TASK DIRECTIONS:
Only the text carries over: repeat the records exactly and drop the images.

EXTRACTED INFORMATION:
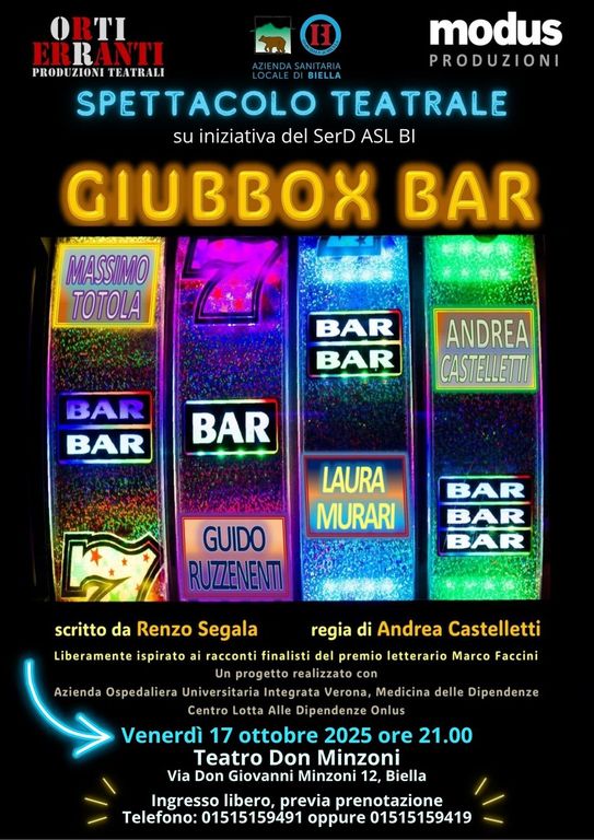 Il Dipartimento Interaziendale Patologia delle Dipendenze - SER.D., diretto dal Dott. Lorenzo Somaini, ha promosso l’organizzazione di “Giubbox Bar”, spettacolo teatrale che andrà in scena venerdì 17 ottobre, alle 21, presso il Teatro Don Minzoni, a Biella in via Don Minzoni 12.
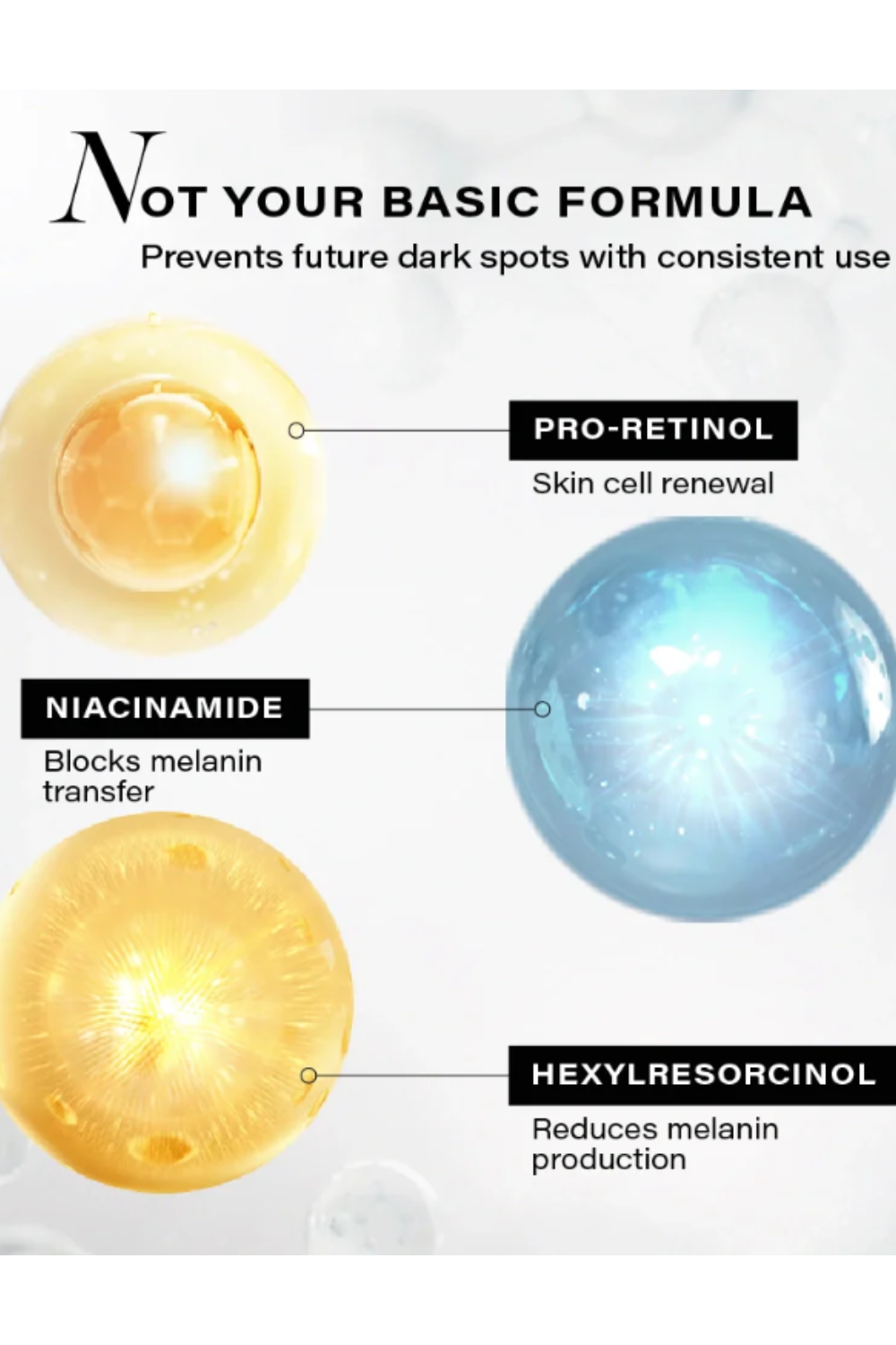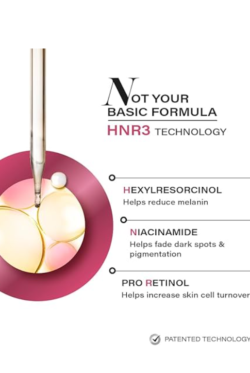 This easy-to-use serum features the patented HNR3 technology with 3.7% Hexylresorcinol, Niacinamide, and Retinyl Propionate. It targets dark spots, evens skin tone, and boosts cell renewal. The lightweight, non-sticky formula absorbs quickly without clogging pores, making it gentle and comfortable for everyday use
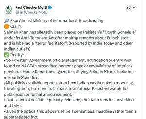 “सलमान खान के नाम किसी आधिकारिक नोटिफिकेशन, NACTA की सूची या गृह मंत्रालय के गजट में कोई प्रविष्टि नहीं है। यह दावा असत्य है और वायरल पत्र संशोधित प्रतीत होता है।” — फैक्ट-चेक यूनिट, सूचना एवं प्रसारण मंत्रालय, पाकिस्तान
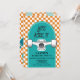 Skateboard Let's Kick It, Birthday invite with orange check and blue skateboard.
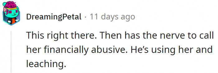 redditHer boyfriend is unemployed due to health issues, so she mostly covers all their expenses.
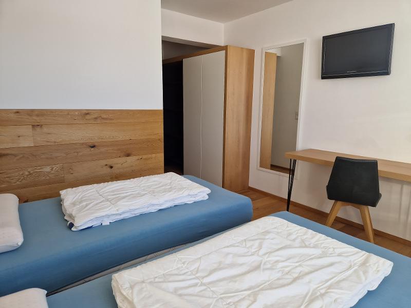 Zimmer: Das Haus verfügt über 96 Betten. Die meisten Zimmer verfügen über zwei auseinanderziehbare Einzelbetten und über ein Schlafsofa in Bettqualität (160×200 cm) für zwei weitere Personen. Darüber hinaus gibt es Doppel-, 6-Bett und 8-Bett-Zimmer. Alle Zimmer verfügen über eine Dusche und ein separates WC. Einige Zimmer verfügen auch über einen Balkon. Bei der Zimmerbelegung versuchen wir die Zimmer möglichst so einzuteilen, dass ihr mit euren Freunden auf einem Zimmer seid. Bettwäsche und Handtücher müssen mitgebracht werden.
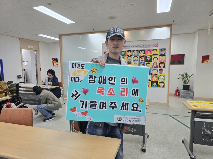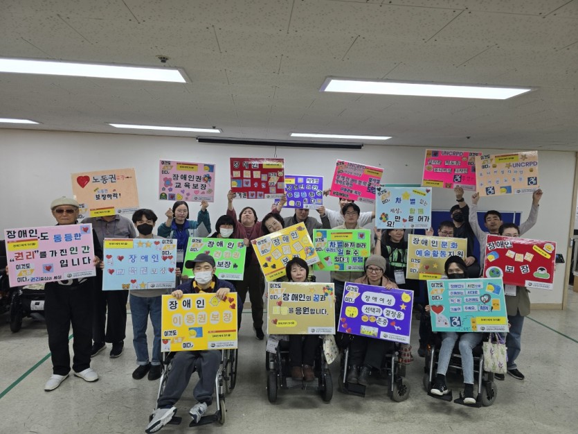 장애인의 권익웅호를 위해 필요한 내용을 피켓에 담아 앞으로도 꾸준히 캠페인을 하며 장애인의 권리와 존엄성을 존중하는 사회를 만들어 가요~^^
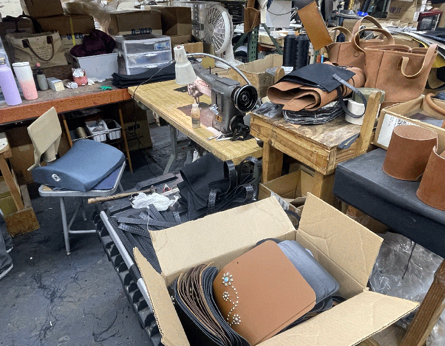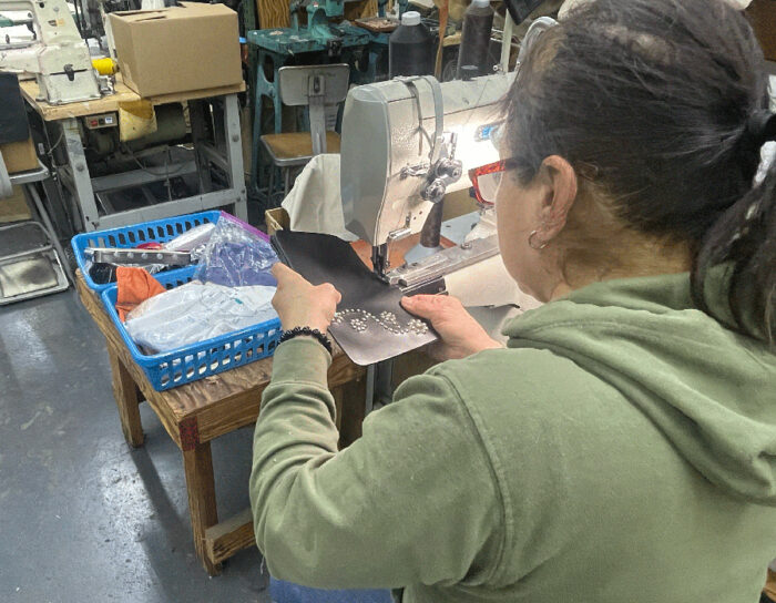 ハードなレザーの工業製品から革小物まで幅広く加工しているこちらの工場。
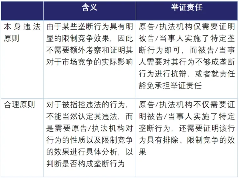 本身违法原则(rule of per se illegal)与合理原则(rule of reason)是国际反垄断司法实践中发展出来的认定垄断协议违法性的两个基本原则。例如,美国对于转售价格维持的规制原则经历了由本身违法原则向合理原则的转变。而欧盟竞争法则仍然将纵向价格垄断协议作为核心限制(hard-core restriction),存在转售价格维持的事实即可认定违法,但当事人可根据《欧盟运行条约》第101条第(3)款申请个案豁免。
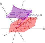 الدوال f(x1, x2, ..., xn) لـ n متغير، مرسومة كرسومات بيانية في الفضاء ℝn + 1. المجالات هي المناطق n-الأبعاد الحمراء، والصور هي منحنيات n-الأبعاد ذات اللون الأرجواني.
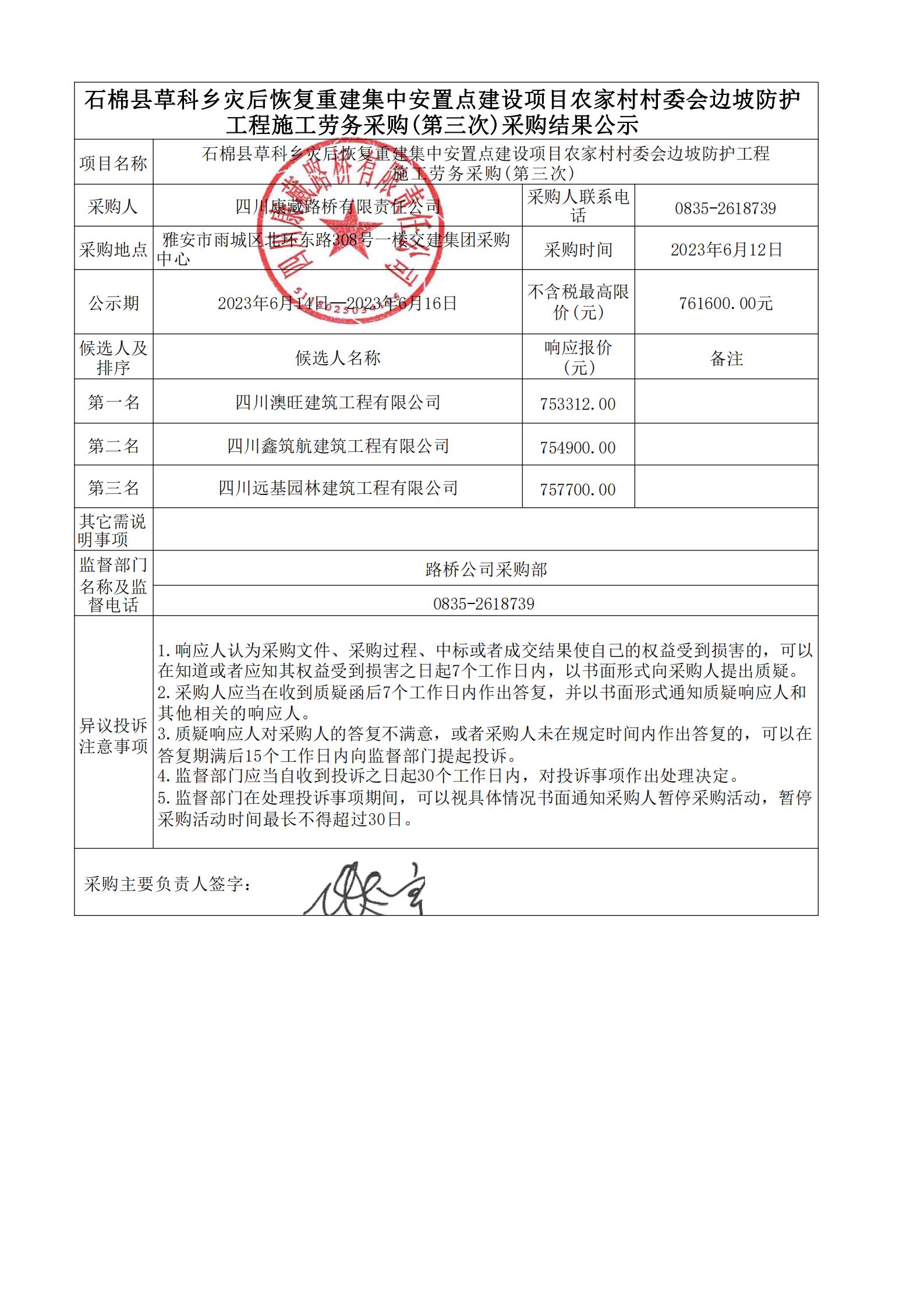 四川康藏路橋有限責任公司石棉縣草科鄉(xiāng)災后恢復重建集中安置點建設項目農(nóng)家村村委會邊坡防護工程施工勞務采購(第三次)結(jié)果公示

WRITTEN SOLUTION:
 Il Dipartimento Interaziendale Patologia delle Dipendenze - SER.D., diretto dal Dott. Lorenzo Somaini, ha promosso l’organizzazione di “Giubbox Bar”, spettacolo teatrale che andrà in scena venerdì 17 ottobre, alle 21, presso il Teatro Don Minzoni, a Biella in via Don Minzoni 12.
 This easy-to-use serum features the patented HNR3 technology with 3.7% Hexylresorcinol, Niacinamide, and Retinyl Propionate. It targets dark spots, evens skin tone, and boosts cell renewal. The lightweight, non-sticky formula absorbs quickly without clogging pores, making it gentle and comfortable for everyday use
 “सलमान खान के नाम किसी आधिकारिक नोटिफिकेशन, NACTA की सूची या गृह मंत्रालय के गजट में कोई प्रविष्टि नहीं है। यह दावा असत्य है और वायरल पत्र संशोधित प्रतीत होता है।” — फैक्ट-चेक यूनिट, सूचना एवं प्रसारण मंत्रालय, पाकिस्तान
 Skateboard Let's Kick It, Birthday invite with orange check and blue skateboard.
 redditHer boyfriend is unemployed due to health issues, so she mostly covers all their expenses.
 Zimmer: Das Haus verfügt über 96 Betten. Die meisten Zimmer verfügen über zwei auseinanderziehbare Einzelbetten und über ein Schlafsofa in Bettqualität (160×200 cm) für zwei weitere Personen. Darüber hinaus gibt es Doppel-, 6-Bett und 8-Bett-Zimmer. Alle Zimmer verfügen über eine Dusche und ein separates WC. Einige Zimmer verfügen auch über einen Balkon. Bei der Zimmerbelegung versuchen wir die Zimmer möglichst so einzuteilen, dass ihr mit euren Freunden auf einem Zimmer seid. Bettwäsche und Handtücher müssen mitgebracht werden.
 장애인의 권익웅호를 위해 필요한 내용을 피켓에 담아 앞으로도 꾸준히 캠페인을 하며 장애인의 권리와 존엄성을 존중하는 사회를 만들어 가요~^^
 ハードなレザーの工業製品から革小物まで幅広く加工しているこちらの工場。
 本身违法原则(rule of per se illegal)与合理原则(rule of reason)是国际反垄断司法实践中发展出来的认定垄断协议违法性的两个基本原则。例如,美国对于转售价格维持的规制原则经历了由本身违法原则向合理原则的转变。而欧盟竞争法则仍然将纵向价格垄断协议作为核心限制(hard-core restriction),存在转售价格维持的事实即可认定违法,但当事人可根据《欧盟运行条约》第101条第(3)款申请个案豁免。
 الدوال f(x1, x2, ..., xn) لـ n متغير، مرسومة كرسومات بيانية في الفضاء ℝn + 1. المجالات هي المناطق n-الأبعاد الحمراء، والصور هي منحنيات n-الأبعاد ذات اللون الأرجواني.
 四川康藏路橋有限責任公司石棉縣草科鄉(xiāng)災后恢復重建集中安置點建設項目農(nóng)家村村委會邊坡防護工程施工勞務采購(第三次)結(jié)果公示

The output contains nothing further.